His master plan involves meeting with all those celebrities and getting them to bang around the world singing the praises of the WHM. Toward that end, he’s going to sign them up to climb Mount Kilimanjaro with him, wearing shorts and scaling the summit in a day or less — the whole project overseen by a team of researchers and filmed by a crew from Netflix. “We’re gonna show the world what the human body is capable of,” he says. “And the celebrities are gonna use their influence to help bring this out to the world.”
A couple of days later, Hof leads a WHM seminar in a discreet little gym in Santa Monica. Inside, a bunch of wide-eyed buff dudes gather around Hof as he runs through his spiel. “Four years ago,” he says, “we showed how the autonomous nervous system is no longer autonomous! And there have been all kinds of miraculous healings! So forget when you get sick! Just breathe and get the motherfucking bacteria out!”
Just then, the first celebrity shows up. It’s Carrey, looking trim and gung-ho. Hof takes one glance at him and shouts, “I love you, man! I bow to you, man! We will heal the world! We will change the paradigm!”
Carrey takes a short step back, still smiling. “Well,” he says, “it’s great meeting you too, man.”
Hof nods and turns around. Maybe he’s looking for Ford or Cruise, but it soon becomes clear that Carrey is going to be it. No matter. Hof leads everybody through the WHM breathing paces and some ice bathing. It all goes well, but afterward Hof looks agitated. What he needs to do is get Carrey signed on to his world-upending effort.

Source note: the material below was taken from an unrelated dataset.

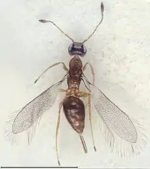 Мимариды[1] (лат. Mymaridae) — семейство паразитических наездников надсемейства Chalcidoidea подотряда стебельчатобрюхие отряда перепончатокрылые насекомые. Размеры мелкие (от 0,14 до 4 мм). К этому семейству относятся самые маленькие насекомые в мире. Это виды Dicopomorpha echmepterygis с длиной примерно 0,139 мм (самое маленькое насекомое в мире), Kikiki huna длиной 0,2 мм и Alpatus magnimius (0,21 мм). Крылья с сильно редуцированным жилкованием. Скутеллюм поделен поперечной перемычкой на переднюю и заднюю части (у 98 % видов).

“We are pioneers!” he begins. “We are gladiators! This is the absolute way, scientifically endorsed to go in the depth of the DNA, the brainstem and even deeper! No doubt! No speculation! We climb Kilimanjaro! A Netflix documentary! You back me up, I back you up. Like family.” He glances at Carrey, full of hope, certainty and belief. “Help me, man,” he says beseechingly. “Help me help the world.”
Carrey is nodding. He’s still smiling, but it’s beginning to look a little plastered on. “I want to,” he says. “But I want to find out what this documentary is all about.”
Hof blinks a few times. “Yes. Yes, sir.”
“You know,” Carrey adds, “I have to understand what it is.”
Hof blinks again. What’s left to understand? Hasn’t he just laid it all out, everything: the WHM, the ice baths, the possibilities for the future? What else do you need to know? Hof can see the future slipping away from him.
Carrey, in a voice that barely breaks the surface, says, “If I did get involved in this thing, could I be referred to as No One? In the whole production? And be billed that way, like I want No One to do this?”
Hof can see the future slipping further away from him. A moment ago, it was just within reach. Now, it’s fading.
“Yes,” he says. “As you wish. Of course.”
But does Wim Hof look crestfallen? He does not. He’s the Iceman, and sooner or later, with Jim Carrey or No One, he will change the world.